Антонина засмеялась, Шилаев – тоже сделал вид, что смеется, хотя собственно не понимал, что смешного в болезни бедного старика.
Через несколько минут Антонина уже поссорилась с секретарем не на живот, а на смерть. Дело в том, что Вадим Петрович приобрел привычку о многих, даже мало знакомых ему вещах отзываться с пренебрежением. На этот раз, когда разговор случайно коснулся поэзии Майкова, секретарь вдруг дернул носом и сказал почему-то по-французски:
– Ma'ikoff? Est се qu'on le prend au serieux?[38]
Шилаев, стесняясь первым визитом, не возразил ничего. Да и по правде сказать, хотя он знал, даже преподавал отечественную литературу и каждому писателю знал цену – он к поэзии привержен был мало и в глубине души, если бы непременно потребовалось выбрать себе любимое стихотворение – вероятно, предпочел бы всему «Убогую и нарядную» или «Парадный подъезд» Некрасова. Но Антонина с горячностью напала на секретаря, потому что любила Майкова. Прежде всего она уличила бедного Вадима в полном незнании этого писателя. Оказалось, что он ничего не читал из Майкова и даже забыл напечатанное в хрестоматиях. Но он неопределенно утверждал, что у них в университете Майков считался и будет считаться «невозможным» для чтения. Антонина не приняла этих доводов и так отделала победителя сердец, что он озлился и почему-то обратил злобу свою на неповинного Шилаева. С иронией назвал его несколько раз господином профессором; потом умолк и скоро вышел.

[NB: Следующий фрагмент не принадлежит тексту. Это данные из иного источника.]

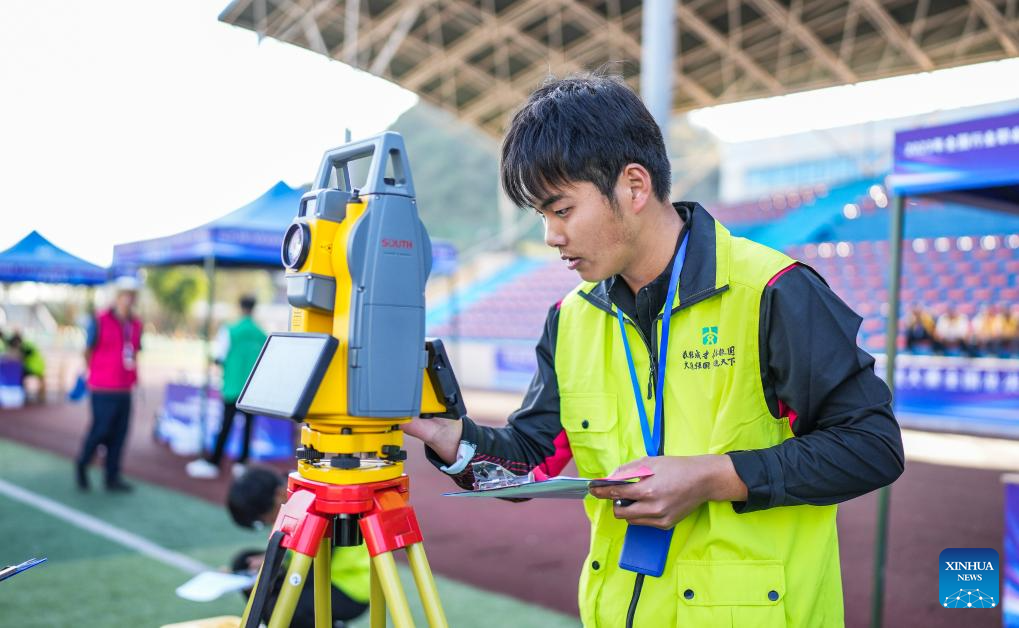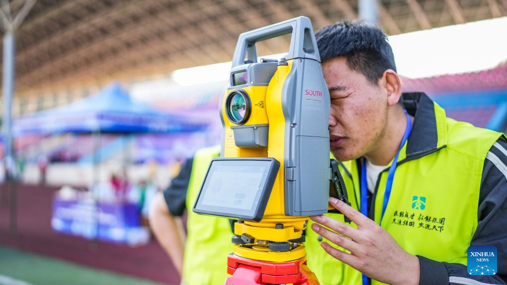 A contestant competes in construction layout event during a national bridge and tunnel engineering vocational skills competition in Guiyang, southwest China's Guizhou Province, Nov. 1, 2023. A national bridge and tunnel engineering vocational skills competition kicked off here Wednesday. In total 214 contestants from 85 teams across China would compete in the four-day competition involving events like processing of framework of reinforcing steel bars and construction layout. (Xinhua/Tao Liang)

Луганин с довольной улыбкой глядел на всю сцену и, когда секретарь ушел, он сказал Антонине:
– Рассердили молодого человека. Теперь он мне там напутает с горя…
– А его работа какая-нибудь сложная? – спросил Шилаев.
– Нет, теперь он делает некоторые выписки для меня. Обыкновенно же я ему диктую.
Шилаеву очень хотелось спросить, что именно пишет Луганин – но было неловко. Старик угадал его мысль.